→ Input for this task:
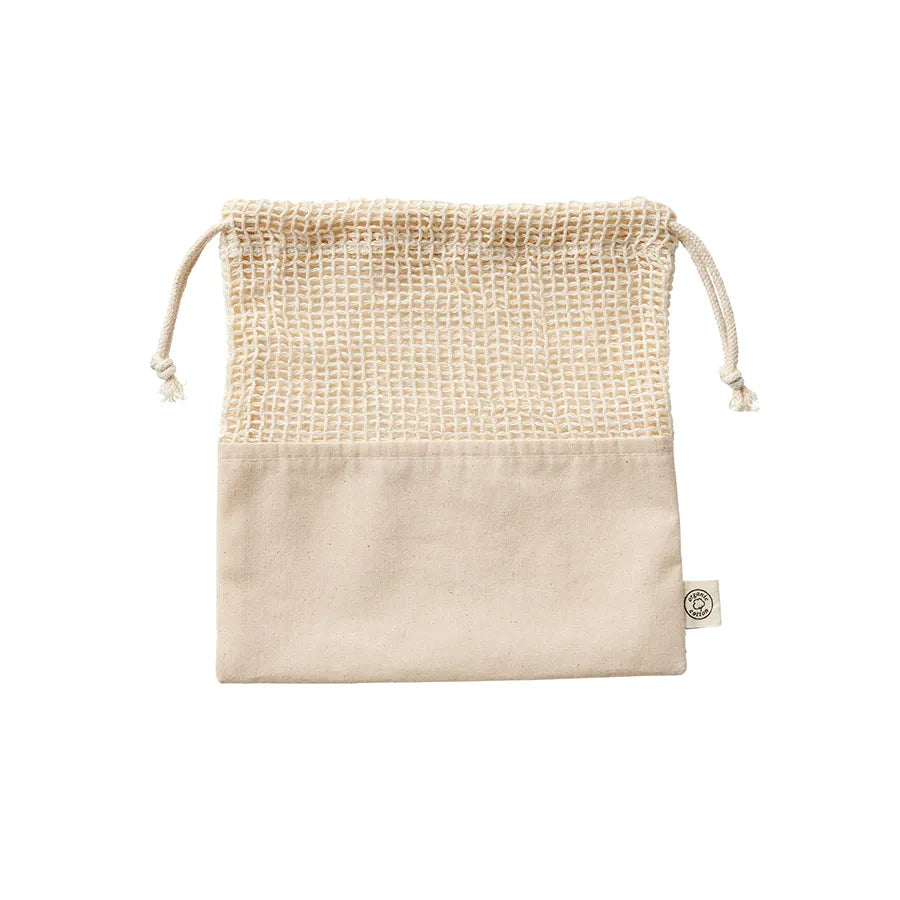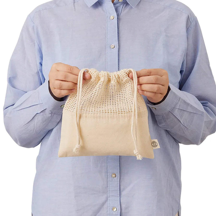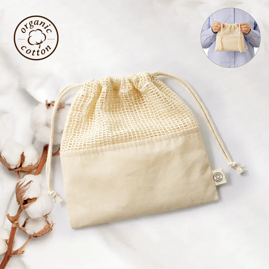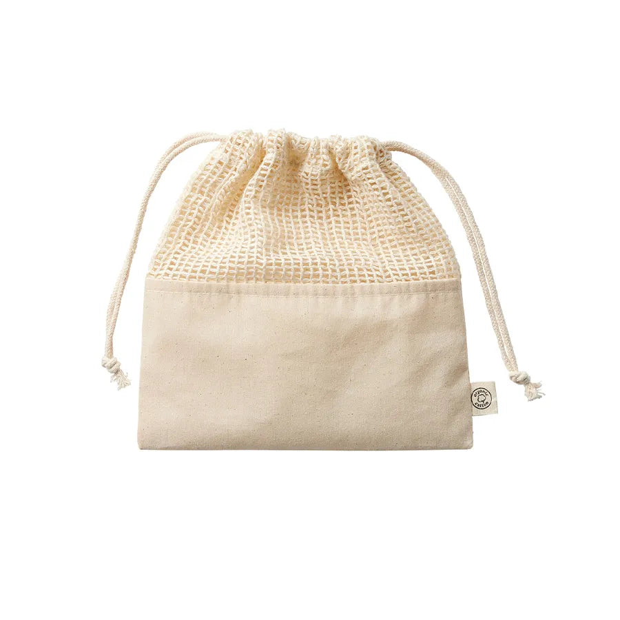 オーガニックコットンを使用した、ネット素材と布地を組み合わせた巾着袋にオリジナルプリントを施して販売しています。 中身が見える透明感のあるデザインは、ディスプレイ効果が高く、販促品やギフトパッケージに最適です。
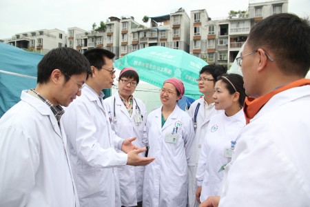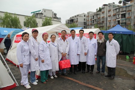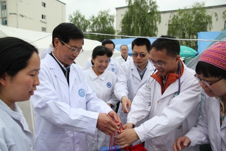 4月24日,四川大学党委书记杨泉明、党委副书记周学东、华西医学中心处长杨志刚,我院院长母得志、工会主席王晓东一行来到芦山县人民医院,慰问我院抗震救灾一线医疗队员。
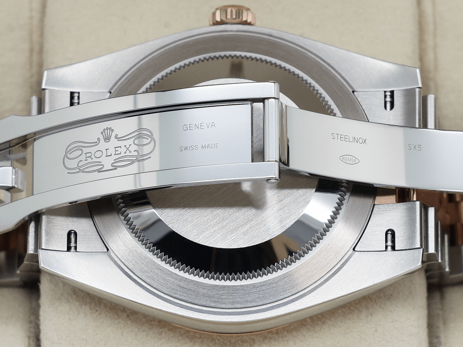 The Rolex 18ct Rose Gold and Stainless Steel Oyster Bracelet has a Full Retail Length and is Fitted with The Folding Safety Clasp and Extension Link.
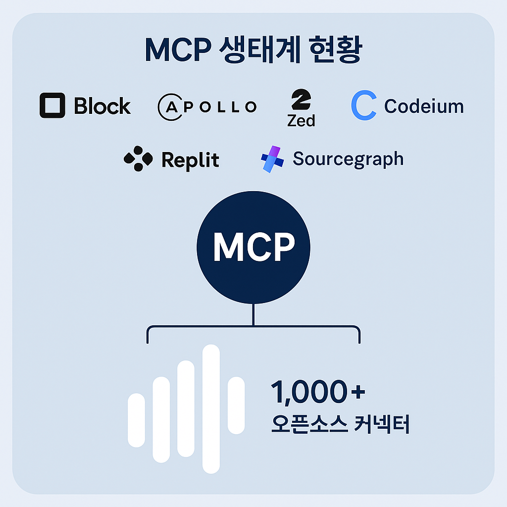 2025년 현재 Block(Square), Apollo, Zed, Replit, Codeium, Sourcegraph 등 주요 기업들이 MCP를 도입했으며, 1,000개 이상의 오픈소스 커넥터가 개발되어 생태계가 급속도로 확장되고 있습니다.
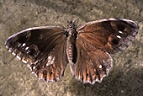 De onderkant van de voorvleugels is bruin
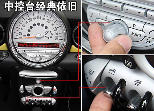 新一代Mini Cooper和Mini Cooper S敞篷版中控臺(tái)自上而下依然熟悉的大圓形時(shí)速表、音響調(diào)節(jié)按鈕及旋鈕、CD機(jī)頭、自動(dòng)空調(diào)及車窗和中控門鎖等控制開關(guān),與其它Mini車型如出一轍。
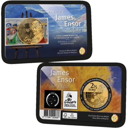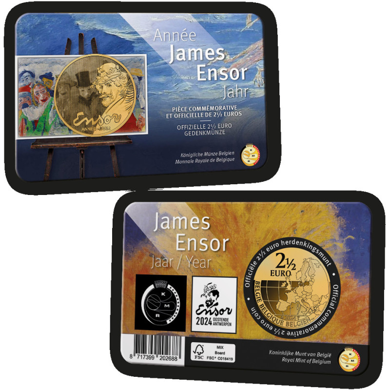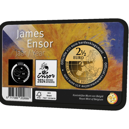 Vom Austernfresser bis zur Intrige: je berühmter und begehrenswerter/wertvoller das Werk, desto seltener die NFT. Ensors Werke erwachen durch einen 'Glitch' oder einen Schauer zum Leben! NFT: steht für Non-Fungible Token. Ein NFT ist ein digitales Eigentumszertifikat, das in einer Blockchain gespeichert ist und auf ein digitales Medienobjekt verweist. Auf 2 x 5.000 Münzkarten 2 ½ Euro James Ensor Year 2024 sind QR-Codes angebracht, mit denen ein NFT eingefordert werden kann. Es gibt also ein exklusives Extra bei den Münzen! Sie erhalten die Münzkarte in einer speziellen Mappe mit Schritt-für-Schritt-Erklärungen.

---

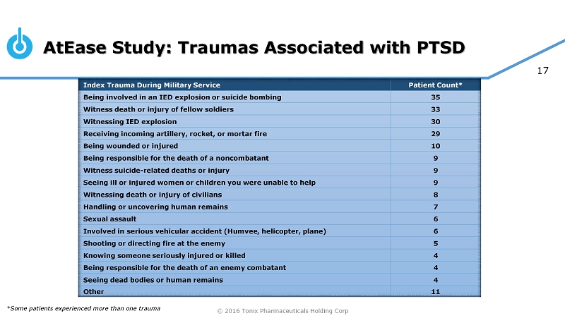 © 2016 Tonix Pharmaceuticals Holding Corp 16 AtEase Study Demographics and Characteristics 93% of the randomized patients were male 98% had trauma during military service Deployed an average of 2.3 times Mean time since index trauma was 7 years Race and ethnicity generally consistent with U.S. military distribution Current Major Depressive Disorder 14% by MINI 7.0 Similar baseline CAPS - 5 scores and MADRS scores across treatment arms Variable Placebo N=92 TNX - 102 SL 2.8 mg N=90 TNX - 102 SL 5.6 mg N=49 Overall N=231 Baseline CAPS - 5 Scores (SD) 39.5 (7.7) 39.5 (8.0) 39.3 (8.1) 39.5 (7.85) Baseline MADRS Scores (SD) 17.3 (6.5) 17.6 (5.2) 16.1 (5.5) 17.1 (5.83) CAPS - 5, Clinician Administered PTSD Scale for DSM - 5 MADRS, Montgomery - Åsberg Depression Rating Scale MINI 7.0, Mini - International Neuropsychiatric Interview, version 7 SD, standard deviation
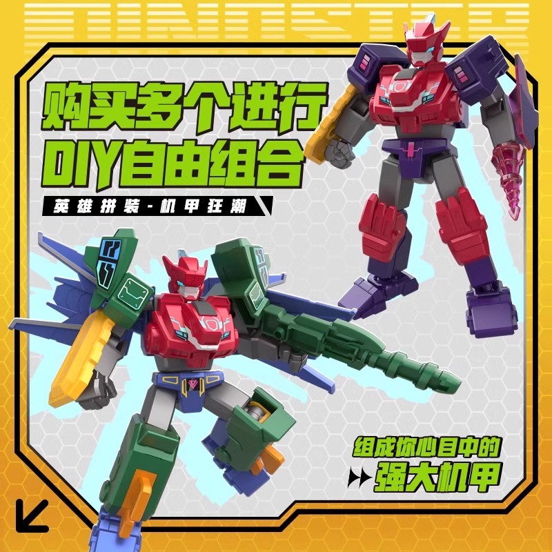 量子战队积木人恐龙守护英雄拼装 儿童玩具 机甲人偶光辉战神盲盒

* * *

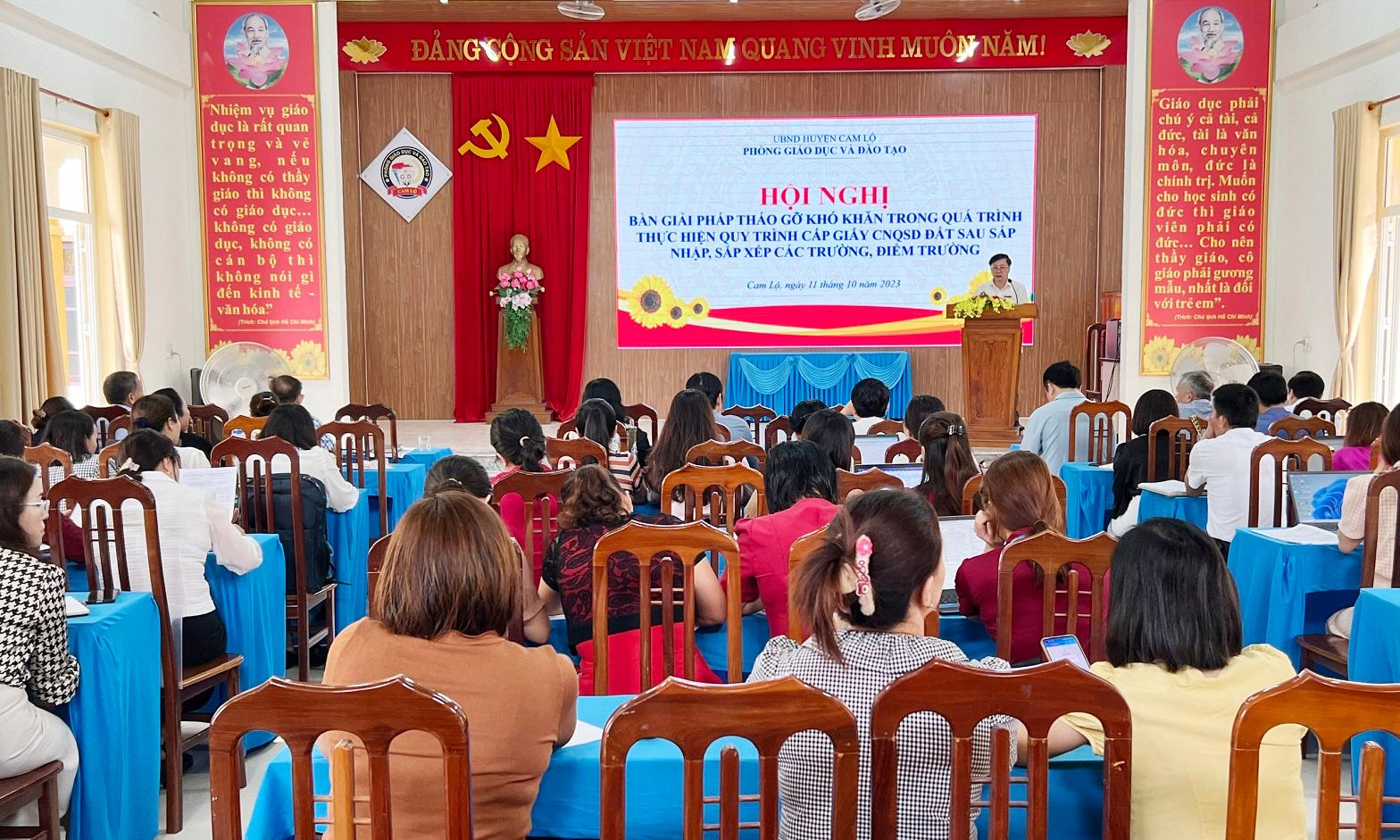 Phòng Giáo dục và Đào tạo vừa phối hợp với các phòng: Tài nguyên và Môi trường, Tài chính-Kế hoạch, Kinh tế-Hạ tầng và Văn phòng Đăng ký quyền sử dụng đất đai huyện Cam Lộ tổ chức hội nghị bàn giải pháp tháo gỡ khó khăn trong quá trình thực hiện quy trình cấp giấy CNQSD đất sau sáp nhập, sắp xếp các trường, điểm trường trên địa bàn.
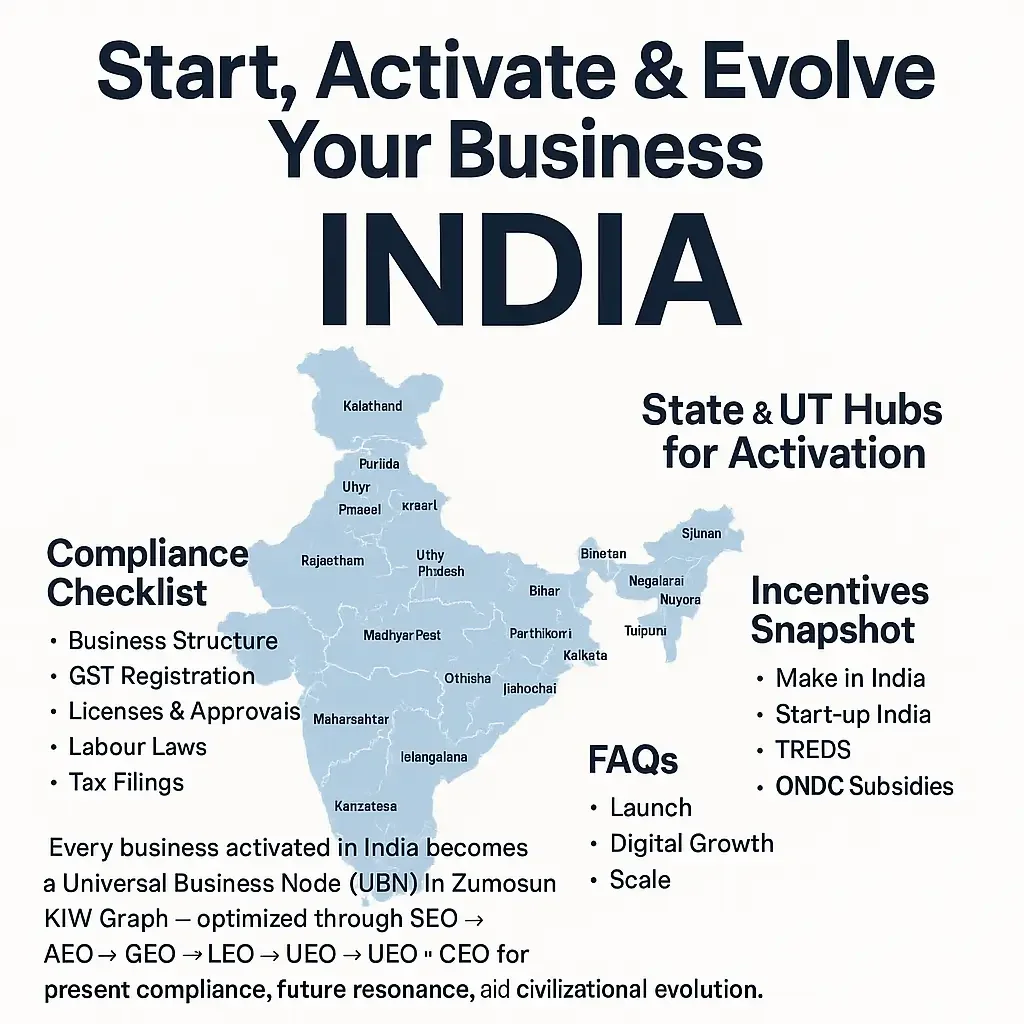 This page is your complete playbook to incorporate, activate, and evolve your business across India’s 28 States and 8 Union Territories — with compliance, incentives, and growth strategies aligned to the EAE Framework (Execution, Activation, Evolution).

→ What the task asks: Write out word for word the lines of the listing above from the line with "급속도로 확장되고 있습니다." to the line with "De onderkant van de voorvleugels is bruin", taking in both of those lines but no pictures.

→ Reply:
 2025년 현재 Block(Square), Apollo, Zed, Replit, Codeium, Sourcegraph 등 주요 기업들이 MCP를 도입했으며, 1,000개 이상의 오픈소스 커넥터가 개발되어 생태계가 급속도로 확장되고 있습니다.
 De onderkant van de voorvleugels is bruin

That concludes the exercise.